Snaps
1 September 2025 

National Bank of Poland preview: time to react to slowing inflation

The MPC wraps up its first post-summer holiday meeting on 3 September, and we expect a 25bp rate cut as policymakers attempt to adjust the monetary stance to lower inflation. As we see inflation sustainably returning to target, we’re still pencilling in another cut later in the year, likely in November

National Bank of Poland governor Adam Glapinski
National Bank of Poland Governor, Adam Glapinski

Slowing inflation should be a crucial argument for a September cut

Following a decline to 2.8% year-on-year in August, headline inflation is now close to the National Bank of Poland (NBP) target and safely within the range acceptable of deviations from the target (2.5%; ±1 percentage point). The drop in CPI inflation over the summer months and the continued downward trend in core inflation are good news for the MPC. Given the decline in inflation toward the target and the relatively high nominal reference rate (5.00%), we expect a decision to ease monetary policy by 25 basis points on Wednesday.
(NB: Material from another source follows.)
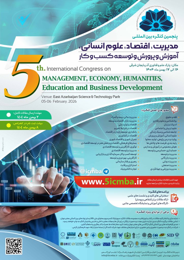 پنجمین کنگره بین المللی مدیریت، اقتصاد، علوم انسانی، آموزش و پرورش و توسعه کسب و کار به عنوان بزرگترین، معتبرترین، منظم ترین و با سابقه ترین گردهمایی شناخته شده سالانه علمی، پژوهشی و اجرایی حوزه مدیریت، اقتصاد، حسابداری، علوم انسانی، آموزش و پرورش و کسب و کار خاورمیانه در کشور ایران در تاریخ ۱۶ الی ۱۷ بهمن ماه ۱۴۰۴ با شرکت بیش از ۲۵۰۰ نفر از فعالین این عرصه شامل دانشگاهیان، صاحب نظران، سیاستگزاران و مدیران، دانشجویان ، فرهنگیان، سازمان های ذی ربط و علاقه مند و متخصصان از کشورهای مختلف جهان با همکاری دانشگاه های برجسته کشور در پارک علم و فناوری آذربایجان شرقی برگزار میگردد. این کنگره در نظر دارد با معرفی توان علمی و کاربردی برای ارتقای سطح کیفی مدیریت، اقتصاد، علوم انسانی و کسب و کار و همچنین بررسی نیازمندی و ضرورتهای آموزش موارد فوق گام برداشته و با شناسایی نگرشها، تجربیات نوین و تحلیل ابعاد نظری و کاربردی مربوطه، به تحلیل، آموزش و پژوهش آن بپردازد.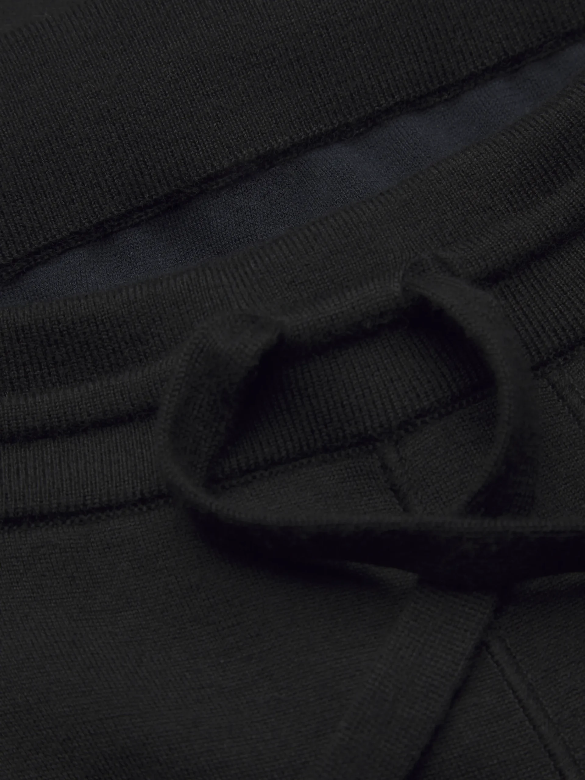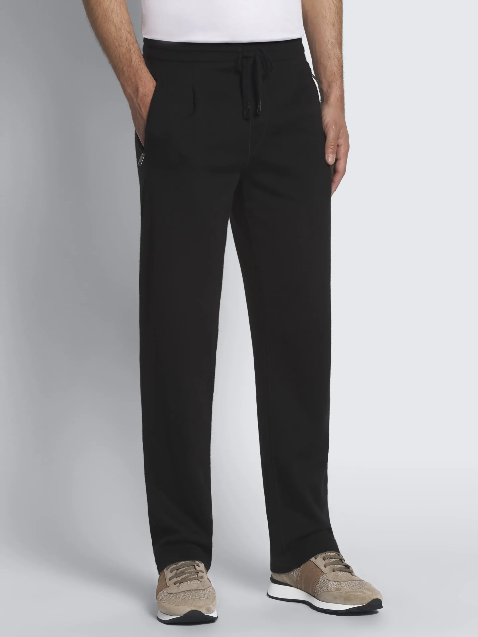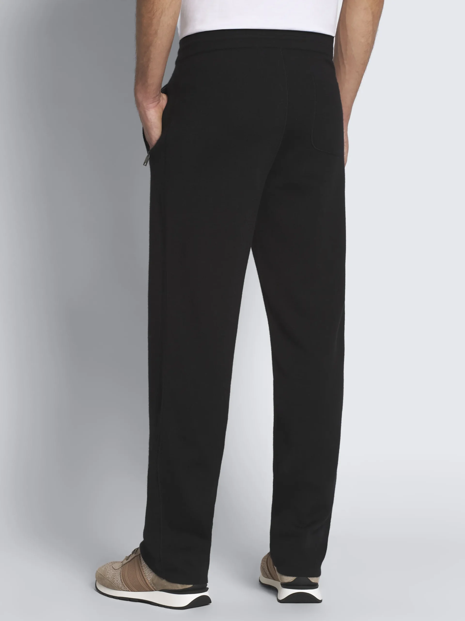 Black knitted leisure trousers in a soft cashmere and silk blend on the outside and 100% cotton on the inside. Leather cord adjuster and two jet pockets at front for added practicality. Exceptionally comfortable, these trousers are the perfect addition to your sportswear wardrobe, to feel at ease on your days off.

Statements from NBP officials indicate that inflation prospects, and hence the outlook on monetary policy, depend on the state of the business cycle, labour market conditions, energy prices, and fiscal developments. Most of these areas are developing favourably.

Economic growth is solid, but the economy is not overheating and generating additional inflationary pressure. Wage growth slowed to 7.6%YoY in July. Signals from the government and the president suggest a willingness to extend the freeze on household electricity prices into 4Q25.

The only exception to generally easing inflationary risks is fiscal policy, being more expansionary than previously announced (the general government sector deficit is currently estimated at 6.9% of GDP versus the 6.3% of GDP previously expected), and the 2026 budget does not indicate significant tightening (deficit projected at 6.5% of GDP).

We expect NBP Governor Adam Glapinski to highlight this factor during Thursday's press conference. He may signal a more cautious approach to further monetary easing in the coming months. In this context, October may bring a pause in rate cuts, with the next debate likely in November, when the Council reviews the new inflation projection.

According to our forecasts, inflation will remain close to the NBP target in the coming quarters, giving the MPC room to continue monetary policy easing into 2026.

Slower mid-term fiscal consolidation is the biggest threat to loosening monetary policy

We still forecast a 3.5% NBP terminal rate for 2026, but the upside risks are growing. The Ministry of Finance’s projection of a higher general government deficit in 2025, slower fiscal consolidation in the mid-term, and the MPC’s still cautious stance – despite signs of easing inflation and cooling wage pressure – could challenge the baseline.

Still, given our CPI forecasts and expected developments of the nominal NBP rate, the next year's real rate (ex ante) should drop to around 1.5%, i.e. the level last seen at the beginning of 2024 and much above the historical average.